Page One of this solution was primarily about the use of an Almost Unique Rectangle in a chain. Page Two of this solution included one complex step linking several disparite types of Almost AICs. Page Three of this solution also included one complex step linking two Y Wing Styles. There are many ways to finish this puzzle. One path is illustrated below.

Previous blog pages may be helpful. Links to these pages are found to the right, under Sudoku Techniques.

Step 5a - Locked candidate 9

Above, candidate 9 is limited to column 5 within box 8, thus it cannot exist outside of column 5 within box 8.

Step 5b - a short chain using an Almost Naked Pair

On the left,

• (3=4)r8c4-(4)r3c4=(4)r2c5-(4=pair13)r24c1
• => r8c1≠3

Step 5c - a longer chain that could be viewed as two chains

On the left,

• (8)r7c1=(8)r7c2-(8=3)r5c2-(3=1)r4c1-(1)r5c3=(1-4)r3c3
• =(4)r23c1 => r7c1≠4
• continue chain: -(4=5)r8c1 => r7c1≠5
Once one has done the work of finding the depth 5 chain forbidding (4) from r7c1, adding the strong inference set (sis) (4=5)r8c1 is very little extra work to eliminate (5) from r7c1. One might alternatively find:
• (HP38)r7c12=(3)r89c3-(3=6)r1c3-(6=pair29)r12c2-(2)r1c1=(2-8)r6c1=(8)r7c1
• => r7c1 limited to (38) => r7c1≠45
Again, there are always multiple ways to justify an elimination.

Step 5d - Locked candidate 5

Above, candidate 5 is limited to row 7 within box 9, thus it cannot exist outside of row 7 within box 9.

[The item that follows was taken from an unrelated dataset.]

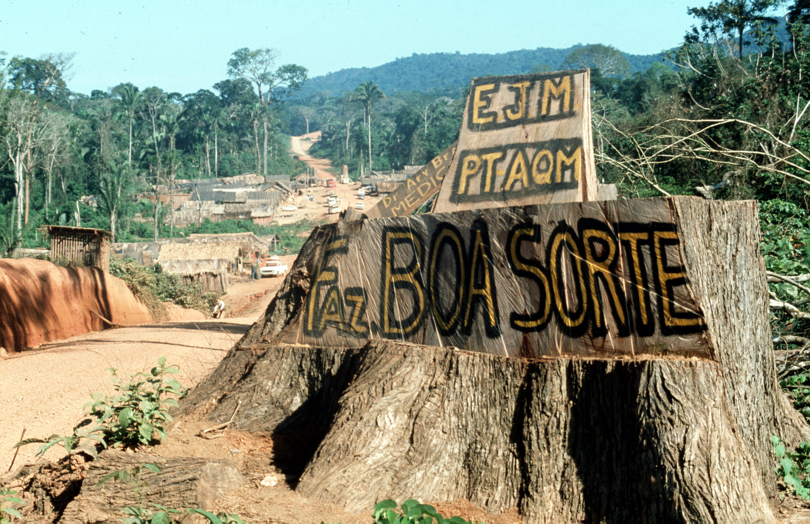 Amazônia, foto de 1981. Nove anos depois da Conferência de Estocolmo, seis anos depois da música de Paulinho da Viola, quando o “milagre econômico” da ditadura já tinha afundado, o que restou de um naco de floresta. Se vendia como progresso e desenvolvimento.

Step 5e - Hidden Pair 59 - Hidden Pair 54 used in a chain

The newly stronger 5's in box 9 row 7 form a super cell such that only one other candidate can fit into r7c79. Thus,

• (9)r8c9=(HP59-HP54)r7c79=(4)r7c45-(4=3)r8c4 => r8c9≠3
• => (9)r8c9 %cell
• => (9)r7c5 %box (& %row, & %column)
• => UP 31

Step 6 - Skyscraper with candidate 1

The last step made candidate 1 stronger in column 5, revealing a simple coloring chain with candidate 1 that finishes the puzzle:

• (1): r2c5=r5c5-r5c3=r3c3 => r2c1,r3c6≠1
• => (9)r3c6 %cell
• => (5)r6c6 %cell
• => (5)r5c3 %box
• => %cell (naked singles) to end => UP 81

Notes

• Step 4b on page two is by far the most difficult step of this solution. It is depth 9, which is also the deepest step used in this solution.
• Step 2d on page one used an Almost Unique Rectangle. I think that step is the primary puzzle breaker.
• Step 4g on page three employed linked Y Wing Styles. I found that step to be the most fun.
All of the steps can be reduced to counting. Counting certainly works as an idea that catches everything. However, it seems to provide scant insight into how one might break a puzzle down into managable pieces. I may change my mind about that evaluation.....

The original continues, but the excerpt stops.